The various elements of a due diligence report are as follows:

  • Financial Information: It comprises looking over copies of the last five years’ worth of audited financial statements, along with all associated notes and management’s analysis and comments.
  • Corporate Records: A target company’s primary formation documents, such as the articles or certificate of incorporation and bylaws, are reviewed by legal counsel. Consider that the target company is a corporation or that the operating agreement and certificate of organisation, along with any changes, are a limited liability company.
  • Debt: This involves analysing the seller’s debt in terms of loans, notes, cash advances, and security agreements; evaluating the lender relationship; and performing ongoing commercial code checks with each daughter company.
  • Employment and Labor: This section includes the full names of all executives, employees, and directors, as well as information about pensions, stock plans, profit sharing, deferred pay, and other benefits or non-salary compensation. It also includes information about any ongoing labour and employment law cases.
  • Legal: It includes copies of documents submitted to government authorities, including reports and licences, as well as information on any environmental duties and details of any legal disputes.
  • Technology: The evaluation of the technology available to the organisation is a crucial issue to take into account. A required evaluation is one that helps determine future course of action.
  • Agreements: All contracts made by the corporation and its subsidiaries, such as leases on real estate, partnerships, joint ventures, and agreements governing the marketing, commission, sales, and distribution of goods, among other important contracts.
  • Effect of Synergy: The result of synergy Making decisions is aided by the creation of synergy between the target firm and the current business.

Types of Due Diligence

  • Business Due Diligence: It entails investigating the participants to the deal, the prospects of the company, and the calibre of the investment. It entails a thorough investigation of the parties involved in a transaction, the future profitability of the firm, and the investment’s standard.
  • Financial Due Diligence: Here, financial, operational, and commercial hypotheses are verified. The acquiring business can now acquire a company with much less difficulty, which is a tremendous relief. Here, a thorough review of accounting principles, audit procedures, tax compliance, and internal controls is conducted. It provides the acquiring company with a clear image of the value of the acquisition.
  • Legal Due Diligence: It mostly concentrates on legal dangers, other legal matters, and the legal implications of a transaction. It looks for any legal obstacles or red flags. It encompasses both intra-corporate transactions and transactions between corporations. This diligence includes the currently existing documentation as well as several regulatory checklists.

Conclusion

The impacts and usefulness of a due diligence report are clear from the points above. Another compliance, carried out by numerous due diligence report service providers in India, is how the companies must follow the process. Companies must implement the aforementioned procedures in order for the transactions to be feasible; otherwise, it may be difficult for both sides to effectively finish the project agreement.

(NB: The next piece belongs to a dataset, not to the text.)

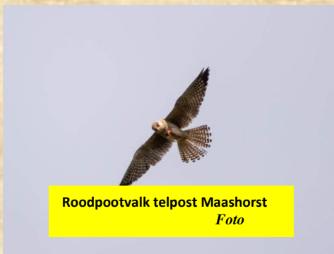
Roodpootvalk telpost Maashorst Foto

Droogte en felle zon met tropische temperaturen op het einde van juni. Ook vogels zoeken naar verkoeling. Dit levert mooie foto plaatjes op vanuit de fotohut op Herperduin. Ook roofvogels komen graag drinken of nemen een bad in het vijvertje voor de fotohut in Herperduin. Ik spreek met de beheerder van deze fotohut tijdens onze nachtzwaluw wandeling op de Kanonsberg. Ook haviken, rode wouw of wat te denken van wespindief komen voor de lens. Om jaloers op te worden deze mooie waarnemingen en mooie foto's. De nachtzwaluwen op de Kanonsberg op de Maashorst laten zich goed horen en zien. Prachtige zweefvluchten zien we. Dit zijn echt de zomerse zwoele avondgeluiden. De rugstreeppad en kevers doen zachter op de achtergrond mee.

The due diligence report should give you the amount of assurance you want regarding the possible investment and any associated risks. The report needs to be able to give the acquiring firm enough information to prevent the signing of any onerous contracts that might compromise the current return on investment. No specific rule oversees this process because it is more of a diligence method than a compliance attempt. Each business must complete this crucial phase in order to make investments and assess its overall health.